Hillary Clinton’s presidential campaign and the Democratic National Committee paid for opposition research resulting in the salacious intelligence dossier on President Trump, the law firm that hired opposition research company Fusion GPS has confirmed.

The disclosure comes as Fusion GPS is engaged in a legal battle to keep its banking records secret in order to protect its clients’ identities.

In letter sent from Perkins Coie law firm to Fusion on Tuesday, the law firm waived its client confidentiality and confirmed that it had been representing the interests of the DNC and Mrs. Clinton’s campaign when it sought out Fusion’s research services.

Perkins Coie’s General Counsel Matthew Gehringer wrote in the letter, obtained by The Washington Times, that the law firm assisted in representation of the DNC and the Clinton campaign by contracting with Fusion beginning in April 2016 “to perform a variety of research services during the 2016 election cycle.” Those research services concluded prior to the November 2016 election, in which Mr. Trump was elected.
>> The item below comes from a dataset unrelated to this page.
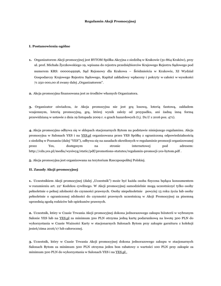 Regulamin Akcji Promocyjnej I. Postanowienia ogólne 1. Organizatorem Akcji promocyjnej jest BYTOM Spółka Akcyjna z siedzibą w Krakowie (31-864 Kraków), przy ul. prof. Michała Życzkowskiego 19, wpisana do rejestru przedsiębiorców Krajowego Rejestru Sądowego pod numerem KRS: 0000049296, Sąd Rejonowy dla Krakowa – śródmieścia w Krakowie, XI Wydział Gospodarczy Krajowego Rejestru Sądowego, Kapitał zakładowy wpłacony i pokryty w całości w wysokości 71 250 000,00 zł zwany dalej „Organizatorem". 2. Akcja promocyjna finansowana jest ze środków własnych Organizatora. 3. Organizator oświadcza, że Akcja promocyjna nie jest grą losową, loterią fantową, zakładem wzajemnym, loterią promocyjną, grą, której wynik zależy od przypadku, ani żadną inną formą przewidzianą w ustawie z dnia 19 listopada 2009 r. o grach hazardowych (t.j. Dz.U z 2016 poz. 471). 4. Akcja promocyjna odbywa się w sklepach stacjonarnych Bytom na podstawie niniejszego regulaminu. Akcja promocyjna w Salonach YES i na YES.pl organizowana przez YES Spółkę z ograniczoną odpowiedzialnością z siedzibą w Poznaniu (dalej “YES”), odbywa się na zasadach określonych w regulaminie promocji organizowanej przez Yes, dostępnym na stronie internetowej pod adresem: http://cdn.yes.pl/media/wysiwyg/static/pdf/promotions-statutes/regulamin-promocji-yes-bytom.pdf . 5. Akcja promocyjna jest organizowana na terytorium Rzeczpospolitej Polskiej. II. Zasady Akcji promocyjnej 1. Uczestnikiem Akcji promocyjnej (dalej „Uczestnik") może być każda osoba fizyczna będąca konsumentem w rozumieniu art. 221 Kodeksu cywilnego. W Akcji promocyjnej samodzielnie mogą uczestniczyć tylko osoby pełnoletnie o pełnej zdolności do czynności prawnych. Osoby niepełnoletnie powyżej 13 roku życia lub osoby pełnoletnie o ograniczonej zdolności do czynności prawnych uczestniczą w Akcji Promocyjnej za pisemną uprzednią zgodą rodziców lub opiekunów prawnych. 2. Uczestnik, który w Czasie Trwania Akcji promocyjnej dokona jednorazowego zakupu biżuterii w wybranym Salonie YES lub na YES.pl za minimum 50o PLN otrzyma jedną kartę podarunkową na kwotę 300 PLN do wykorzystania w Czasie Ważności Karty w stacjonarnych Salonach Bytom przy zakupie garnituru z kolekcji jesień/zima 2016/17 lub całorocznej. 3. Uczestnik, który w Czasie Trwania Akcji promocyjnej dokona jednorazowego zakupu w stacjonarnych Salonach Bytom za minimum 500 PLN otrzyma jeden bon rabatowy o wartości 100 PLN przy zakupie za minimum 500 PLN do wykorzystania w Salonach YES i na YES.pl . 4. Karty podarunkowe wydawane są w okresie: 05-31.07.2016 lub do ich wyczerpania (Czas Trwania Akcji). 5. Karty podarunkowe ważne są do 31.10.2016 (Czas Ważności Karty). 6. Karty podarunkowe obowiązują wyłącznie na garnitury z kolekcji jesień/zima 2016/2017 i z kolekcji całorocznej. Karty podarunkowe nie obowiązują na garnitury z kolekcji jesień/zima 2016/2017 i z kolekcji całorocznej objęte inną promocją. Dopuszczalne jest wykorzystanie tylko jednej karty podarunkowej przy zakupie jednego garnituru. Nie jest dopuszczalne także łączne wykorzystanie do zakupu jednego garnituru karty podarunkowej i innego rabatu oferowanego przez Organizatora. 7. Zasady promocji związane z wykorzystaniem bonów rabatowych w salonach YES i na YES.pl uregulowane są w regulaminie promocji YES dostępnym na stronie internetowej YES. III . Odpowiedzialność Organizatora 1. Organizator nie ponosi odpowiedzialności za problemy w funkcjonowaniu Akcji promocyjnej, jeżeli nastąpiły one wskutek zdarzeń, których Organizator, przy zachowaniu należytej staranności, nie był w stanie przewidzieć, lub którym nie mógł zapobiec, w szczególności w przypadku problemów związanych ze zdarzeniami losowymi o charakterze siły wyższej. 2. Organizator nie przetwarza danych osobowych Uczestników na potrzeby Akcji promocyjnej, z zastrzeżeniem postępowania reklamacyjnego, o którym mowa w IV poniżej. IV. Reklamacje 1. Organizator rozpatruje reklamacje dotyczące wyłącznie wykorzystywania kart podarunkowych. Reklamacje związane z wykorzystywaniem bonów rabatowych w Salonach YES i na YES.pl rozpatruje YES na zasadach przewidzianych w regulaminie akcji promocyjnej prowadzonej przez YES. 2. Reklamacje dotyczące sposobu przeprowadzenia Akcji promocyjnej mogą być składane od dnia rozpoczęcia Akcji promocyjnej do dnia 14 listopada 2016 r., tj. w terminie dwóch tygodni od dnia utraty ważności przez karty podarunkowe. 3. Reklamacje powinny być sporządzone w formie pisemnej i złożone bądź w stacjonarnym Salonie Bytom bądź przesłane na adres Organizatora. 4. Reklamacja powinna zawierać: a. imię, nazwisko i dokładny adres osoby reklamującej, adres e-mail i nr telefonu b. dokładny opis i powód reklamacji, c. wyraźną zgodę na przetwarzanie danych osobowych do celów reklamacji zgodnie z ustawą z dnia 29 sierpnia 1997 r. o chronię danych osobowych (t.j. Dz.U. z 2016 r., poz. 922). 4. Reklamacje złożone po terminie wskazanym w IV ust. 1 powyżej, jak i nie spełniające wymogów, o których mowa w IV ust. 4 powyżej, nie podlegają rozpoznaniu. 5. Organizator rozpatrzy reklamację i powiadomi Uczestnika o decyzji w terminie 14 dni od dnia jej otrzymania, listem poleconym na adres podany w reklamacji. V. Postanowienia końcowe 1. Regulamin Akcji promocyjnej dostępny jest na stronie internetowej Organizatora, w Salonach Organizatora jak i w jego siedzibie. 2. Wszystkie treści zawarte w materiałach reklamowo-promocyjnych dotyczących niniejszej Akcji promocyjnej mają jedynie charakter informacyjny. 3. Organizator zastrzega sobie prawo do zmiany niniejszego regulaminu oraz okresu obowiązywania Akcji promocyjnej, pod warunkiem, że zmiany te nie wpłyną na prawa nabyte przez Uczestników przed dniem dokonania zmiany. 4. W sprawach nieuregulowanych niniejszym Regulaminem, mają zastosowanie przepisy Kodeksu Cywilnego.

The Clinton campaign was not the only party to pay for the dossier research however, and Mr. Gehringer urged other parties with a hand in the dossier to publicly disclose their involvement.

Mr. Gehringer wrote that Perkins Coie appreciates Fusion’s commitment to client confidentiality, but that under the circumstances “we believe it is appropriate to release Fusion GPS from this obligation as it relates to the identity of Perkins Coie.”

“Further, given the interest in the issue, we believe it would be appropriate for all parties who hired Fusion GPS in connection with the 2016 presidential campaign to release Fusion GPS from this obligation as well,” he wrote.

DNC Communications Director Xochitl Hinojosa said in a statement that current ChairmanTom Perez and the new leadership of the DNC “were not involved in the decision-making regarding Fusion GPS, nor were they aware that Perkins Coie was working with the organization.”

Rep. Debbie Wasserman Schultz of Florida was leading the DNC at the time.

Research for the dossier was conducted by former British spy Christopher Steele, who had worked with the FBI in the past and eventually shared some of his findings with the bureau after it began probing possible connections between Trump associates and the Russian government.

Former FBI Director James Comey at one point briefed Mr. Trump on the dossier following an intelligence briefing in January.

But the salacious allegations about Mr. Trump’s involvement with Russia and susceptibility to blackmail went public when Buzzfeed News published the 35-page document.

Lingering questions about who paid for the dossier had sparked a partisan battle between U.S. lawmakers investigating Russian interference in the 2016 presidential election and any possible coordination with members of the Trump campaign.

House Democrats have said efforts to discredit Mr. Steele and the dossier are part of an effort to distract focus from the broader Russia probe. But Republicans have said it’s important to find out who paid for the opposition research as well as how heavily the FBI relied on the information in it as agents pursued their own investigations. Some have expressed concern that opposition research was used as the basis for a foreign surveillance order.

Reports have previously indicated that Fusion GPS was commissioned by a third-party to conduct political opposition research on Mr. Trump in the fall of 2015, but that the party withdrew from the contract in the spring of 2016.

The House Intelligence Committee is still pushing access to Fusion’s banking records in an effort to identify all parties involved. A federal court judge is weighing a subpoena that seeks access to bank records dating back to 2015, and has pushed back the deadline to respond until Friday.